[Recorded data]
....

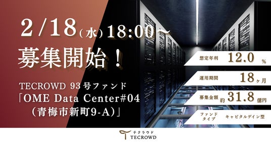 2026年2月18日(水)18時より93号ファンド「OME Data Center #04(青梅市新町9-A)」の募集を開始いたします。
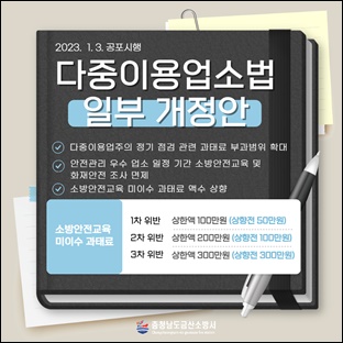 ¶Ç ´ÙÁßÀÌ¿ë¾÷ÁÖÀÇ ¹ý±Ô À§¹Ý ÇàÀ§¿¡ ´ëÇÑ °úÅÂ·á ºÎ°ú ±âÁØÀÌ ¼Ò¹æ¾ÈÀü±³À° ¹ÌÀ̼öÀÇ °æ¿ì 1Â÷ À§¹Ý °úÅ·ᰡ 50¸¸ ¿ø¿¡¼­ 100¸¸ ¿øÀ¸·Î, 2Â÷ À§¹ÝÀº 100¸¸ ¿ø¿¡¼­ 200¸¸ ¿øÀ¸·Î »óÇâµÈ´Ù.
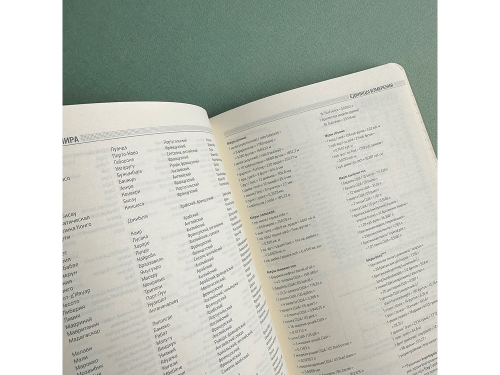 • справочная информация на 19 страницах (аэропорты Европы, штрихкоды, международные телефонные коды, цифровые автомобильные коды, энергетическая и питательная ценность продуктов, национальные и религиозные праздники, единицы измерения, страны мира, размеры одежды, форматы бумаги и др.);
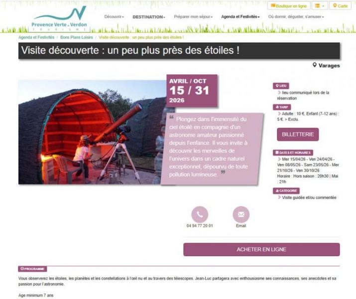 Vous observerez les étoiles, les planètes et les constellations à l’œil nu et au travers des télescopes. Jean-Luc partagera avec enthousiasme ses connaissances, ses anecdotes et sa passion pour l’astronomie.
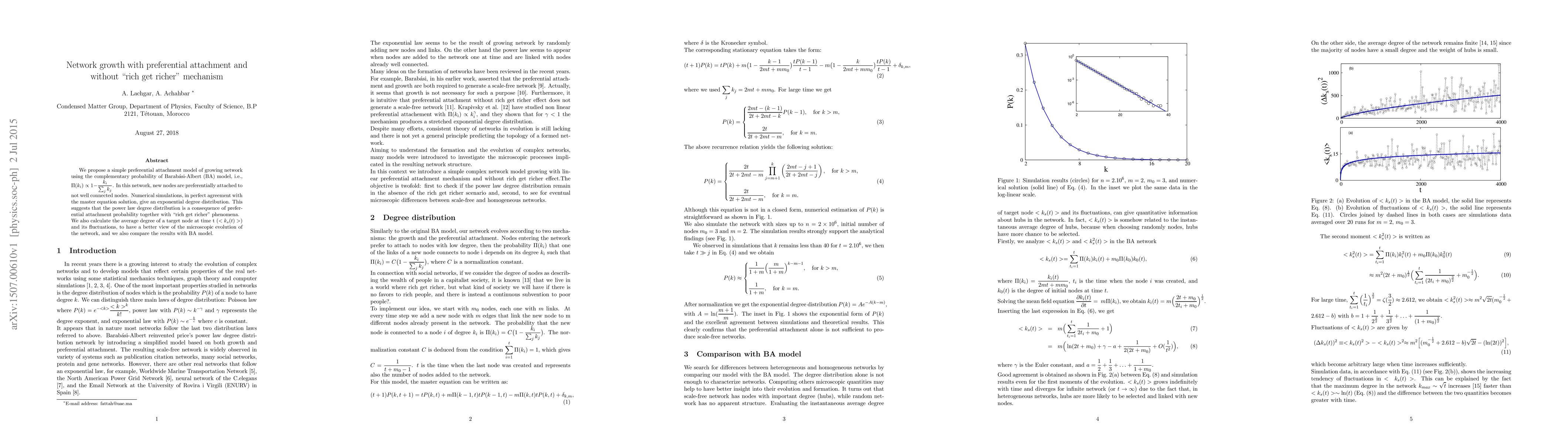 A network model with preferential attachment shows an exponential degree distribution without the 'rich get richer' mechanism, similar to the Barabasi-Albert model.
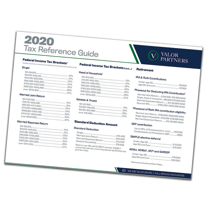It’s that time of year again and we know things can get confusing. That’s why Valor Partners-your tax partner-has developed a quick reference guide for 2020 that outlines federal tax deductions, 2020 tax brackets, dividend rates and much more.
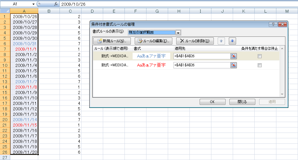 土曜なら青になるという設定も、同じ手順で追加します。もちろん,式は「=WEEKDAY(A1)=7」です。ちなみに、最初の=を忘れると、全体を文字列と見なして、正しく計算されません(もちろん、日曜日の判定も同様です)。「適用」をクリックすると、OKでダイアログボックスを消さなくても結果を見る事ができます。
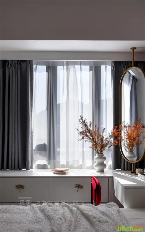 衣帽間定制了時(shí)尚的黑玻衣柜,還利用飄窗臺(tái)做了懸空書桌設(shè)計(jì),將書房的功能結(jié)合起來(lái),這里也是可以隨手翻看書籍的角落。
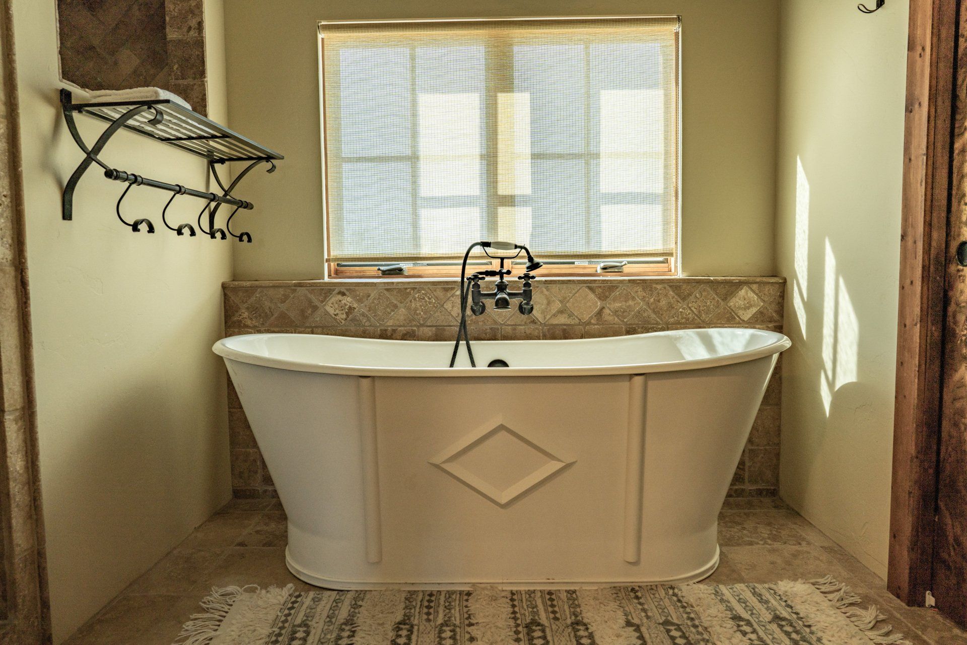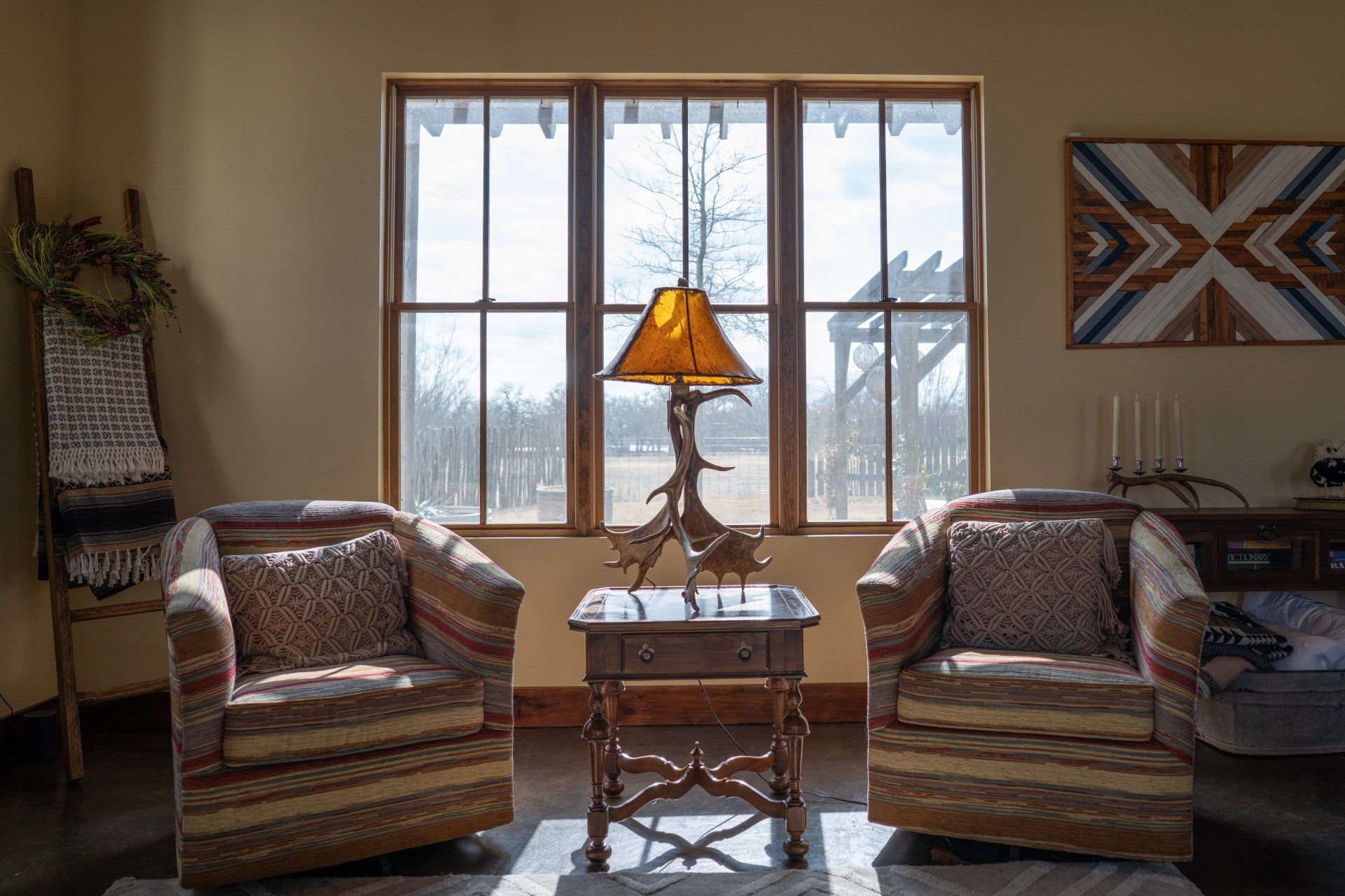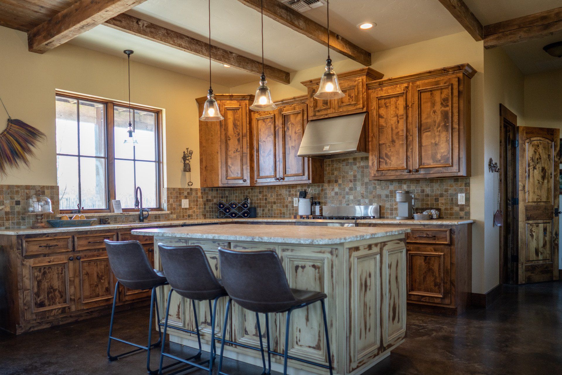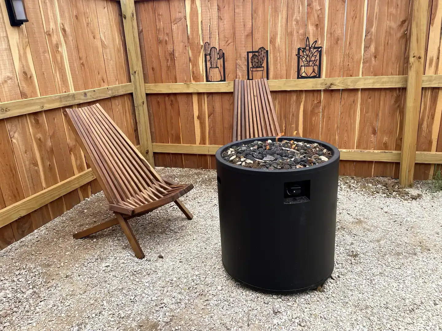 A texan-chic farmhouse, featuring rustic yet modern finishes. This accommodation beholds an open floorplan with full kitchen, queen bedroom, loft with two twin beds, hot tub, and large porch to watch the sunset and farm animals.

....

EXERCISE BRIEF:
Set down the records again exactly as they appear, leaving each picture behind.

OUTPUT FOR THIS EXERCISE:
 2026年2月18日(水)18時より93号ファンド「OME Data Center #04(青梅市新町9-A)」の募集を開始いたします。
 ¶Ç ´ÙÁßÀÌ¿ë¾÷ÁÖÀÇ ¹ý±Ô À§¹Ý ÇàÀ§¿¡ ´ëÇÑ °úÅÂ·á ºÎ°ú ±âÁØÀÌ ¼Ò¹æ¾ÈÀü±³À° ¹ÌÀ̼öÀÇ °æ¿ì 1Â÷ À§¹Ý °úÅ·ᰡ 50¸¸ ¿ø¿¡¼­ 100¸¸ ¿øÀ¸·Î, 2Â÷ À§¹ÝÀº 100¸¸ ¿ø¿¡¼­ 200¸¸ ¿øÀ¸·Î »óÇâµÈ´Ù.
 • справочная информация на 19 страницах (аэропорты Европы, штрихкоды, международные телефонные коды, цифровые автомобильные коды, энергетическая и питательная ценность продуктов, национальные и религиозные праздники, единицы измерения, страны мира, размеры одежды, форматы бумаги и др.);
 Vous observerez les étoiles, les planètes et les constellations à l’œil nu et au travers des télescopes. Jean-Luc partagera avec enthousiasme ses connaissances, ses anecdotes et sa passion pour l’astronomie.
 A network model with preferential attachment shows an exponential degree distribution without the 'rich get richer' mechanism, similar to the Barabasi-Albert model.
It’s that time of year again and we know things can get confusing. That’s why Valor Partners-your tax partner-has developed a quick reference guide for 2020 that outlines federal tax deductions, 2020 tax brackets, dividend rates and much more.
 土曜なら青になるという設定も、同じ手順で追加します。もちろん,式は「=WEEKDAY(A1)=7」です。ちなみに、最初の=を忘れると、全体を文字列と見なして、正しく計算されません(もちろん、日曜日の判定も同様です)。「適用」をクリックすると、OKでダイアログボックスを消さなくても結果を見る事ができます。
 衣帽間定制了時(shí)尚的黑玻衣柜,還利用飄窗臺(tái)做了懸空書桌設(shè)計(jì),將書房的功能結(jié)合起來(lái),這里也是可以隨手翻看書籍的角落。
 A texan-chic farmhouse, featuring rustic yet modern finishes. This accommodation beholds an open floorplan with full kitchen, queen bedroom, loft with two twin beds, hot tub, and large porch to watch the sunset and farm animals.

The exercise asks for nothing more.